AMCIL has performed well as the market continues to deal with the impact of the pandemic. COVID was a shock that no one could have seen coming, but it reinforces the benefit of having diverse investments across several industries in global markets such as we have at AMCIL.


As we discussed at October’s AGM, AMCIL’s 12-month portfolio return of 31.8 per cent including franking, was ahead of the benchmark S&P/ASX 200 Accumulation Index, which returned 29.1 per cent, including franking, over the same period.


AMCIL’s outperformance is largely due to the consistent delivery of strong returns from long-standing, large holdings in our portfolio such as Mainfreight, ARB Corporation, James Hardie Industries, and Goodman.


Our sector exposure is also much more spread than the S&P/ASX 200 Index, being almost evenly spread across technology, industrials, consumer, financial and healthcare companies. This contrasts with the S&P/ASX 200 Index, which has 60 per cent of capital allocated to the financial and resources sectors.


Our portfolio is also well diversified in terms of the size of the companies that we invest in. The market capitalisation of our companies ranges from $125 million to $175 billion. This means our shareholders get a much better exposure to high quality, smaller companies. An investment in AMCIL sees $230 out of every $1000 invested in 10 high-quality companies – such as Fineos, Objective, Breville, Macquarie Telecom and PEXA ‒ while a passive investor in the ASX 200 Index has only a $4 exposure.


This diversified exposure allows us to maintain long-term focus and become part owners of the best companies with the longest growth runways. We believe it yields much better results in the long term.


If you'd invested $10,000 in AMCIL since recapitalisation back in 2004, that investment, including the value of franking credits, would be worth around $85,000 now, compared to just over $60,000 if you had invested in the S&P/ASX 200 Index, including franking.


For an investor reinvesting both dividends and the full benefit of franking credits, $10,000 invested in the AMCIL portfolio 10 years ago in August 2011 would be worth $37,000 compared to $31,000 if invested in the S&P/ASX 200.


Over the long term, our quality-focussed investment approach has consistently delivered. There has not been an instance where the rolling 10-year AMCIL return has underperformed the S&P/ASX 200.


In 2020-21, the total fully franked dividend paid was 4.5 cents per share, which included a special dividend of 2.0 cents per share sourced from capital gains, compared to 2.5 cents per share in total in 2020.


Our share price grew more than our portfolio value during 2020-21. Consequently, the discount at which the shares traded to the portfolio value was reduced to about four per cent at the end of the year.
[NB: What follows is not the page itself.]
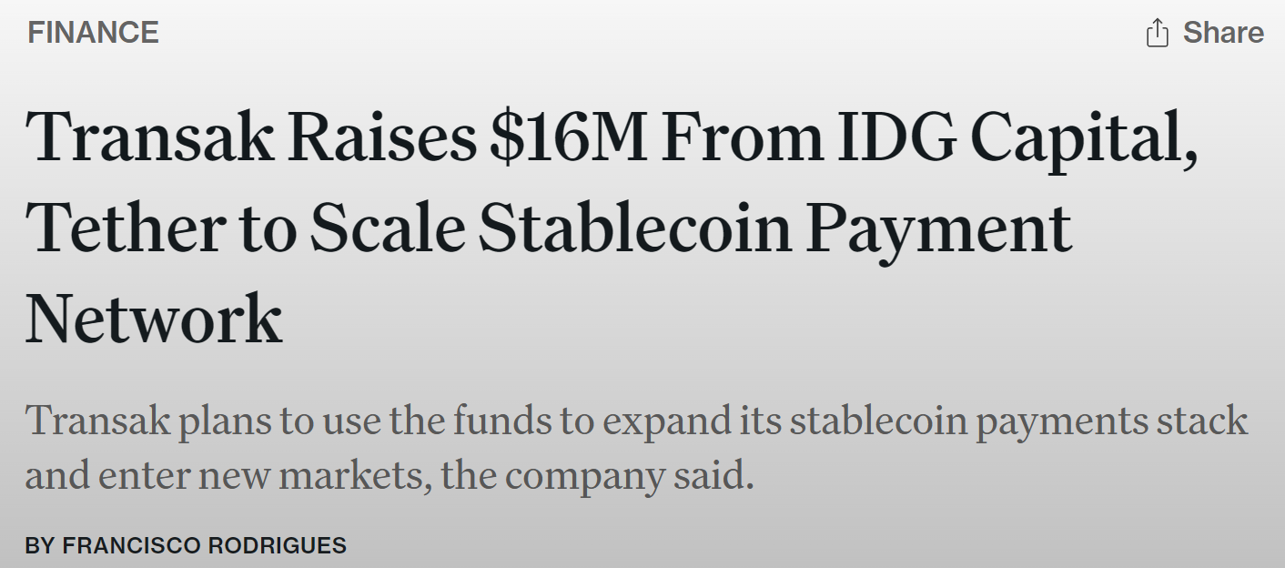 - Web 3 支付基础设施公司 Transak 宣布完成 1600 万美元新一轮融资,由 IDG Capital 和 Tether 共同领投
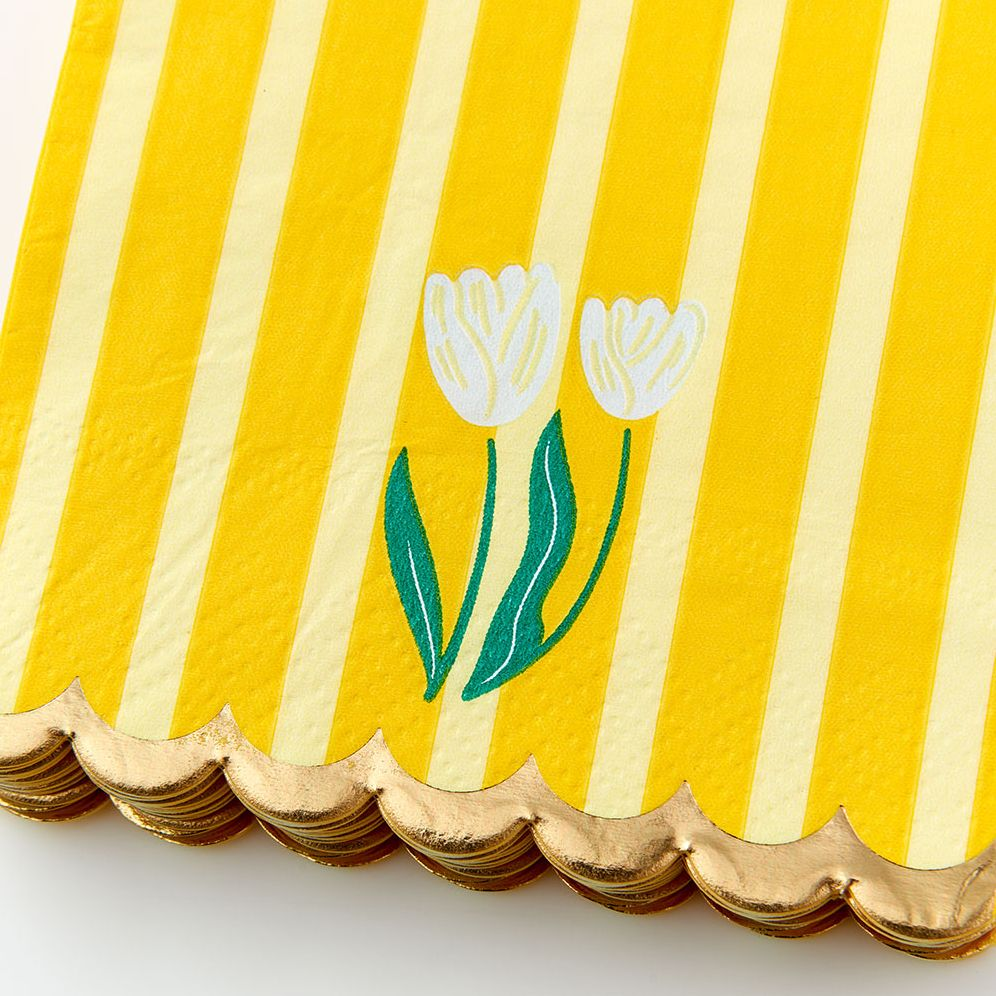 Gorgeous yellow stripe and tulip guest napkins perfect to celebrate spring! Features bold and bright colors in 3-ply material. PS Designed.

This has been reduced even further to the end of September.


Our management expense ratio (MER), or the costs of running the company, remains low. For every $100 invested, it costs 56 cents to run AMCIL, which remains very competitive against others investing in a similar manner to AMCIL. Our MER has fallen by well over a half following significant growth in the portfolio since recapitalisation in 2004.


Also, there are no performance fees paid to an external funds management company.


Market Outlook


From our observations of the equity market, market valuations have looked stretched by historical standards for several years. This is a naturally expected result of a prolonged period of very low interest rates.


While rates remain low and liquidity continues to be injected into global markets, all asset classes are likely to remain supported as investors continue to seek the best available returns. In the longer run, elevated valuations seem more likely to weigh on equity market returns. Economic cycles tend to be more consistently mean-reverting the longer the perspective that you take.


In terms of our portfolio, the strength of recent returns in some of our positions has the potential to somewhat cap our short-term portfolio performance. But in the long run, we remain confident that a portfolio of high-quality equity investments, with attractive growth prospects and high return on capital, will compare favourably to most other alternatives.


We are also confident in our investment process continuing to identify such opportunities.